President and pope urge Italy's politicians to tackle crisis
ROME
(Reuters) - Italian President Giorgio Napolitano warned on Thursday of a "poisoned and unstable" climate in Italy as he joined Pope Francis in urging an end to deadlock in efforts to resolve the most serious economic crisis since World War Two.
Napolitano's stark tones and the pope's own call for harmony and renewed efforts to resolve the crisis underlined concern at the incapacity of Italy's political class to deal with its deep-seated economic problems.
Prime Minister Enrico Letta's unwieldy coalition of left and right has struggled to agree on meaningful reforms, with even passage of next year's budget held up by bickering over thousands of amendments tabled in parliament.
Italy is "riven by exasperated divisions in a poisoned and unstable political climate", Napolitano said, lamenting the "difficult times, dominated by intense pressures amid the gravity of the country's problems".

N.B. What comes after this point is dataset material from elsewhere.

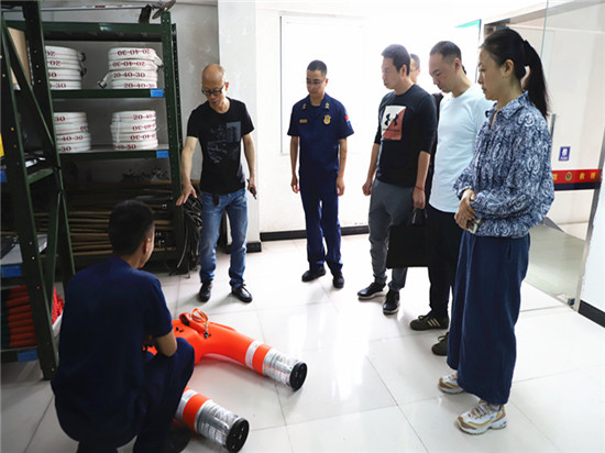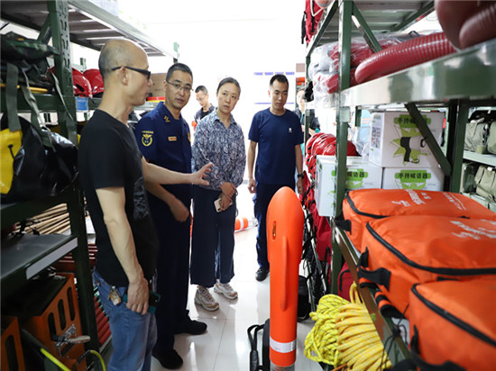 白局长一行到达大队后,首先前往器材装备室实地查看了水域救援装备,详细了解了水域救援飞翼及其他水域装备性能、作用及使用要求。

Data on Thursday showed Italy had entered its third year of recession after a decade of stagnation, with youth unemployment at a record high of over 40 percent.
But tensions between the center-right and center-left partners in government have hampered attempts to reform an economy now smaller than it was in 2001, and have raised fears the government could fall apart by spring.
The 88-year-old Napolitano is seen as the guarantor of the awkward government of traditional rivals since he forced Letta's Democratic Party and Silvio Berlusconi's People of Freedom to rule together to end a stalemate after a split election result left no party able to govern alone.
On his first official visit to Napolitano's palace on the Quirinale hill in Rome, Francis, who is head of the tiny Vatican state, said Italy needed to find the creativity to come together and find a common solution to its manifold problems.
Recalling suffering he had seen on parish visits and the immigration emergency at the island of Lampedusa, site of a shipwreck that killed over 360 migrants last month, Francis returned to the theme which has defined his papacy, the need to help the poor.
"It is necessary to multiply efforts to alleviate the consequences and to seize and build on every sign of recovery," Francis said, calling the highest level of unemployment on record one of the crisis' "most painful effects".
Francis became bishop of Rome in March after a fortnight in which the city had neither a government nor a sitting pope due to the post-election stalemate and the shock resignation of his predecessor Benedict.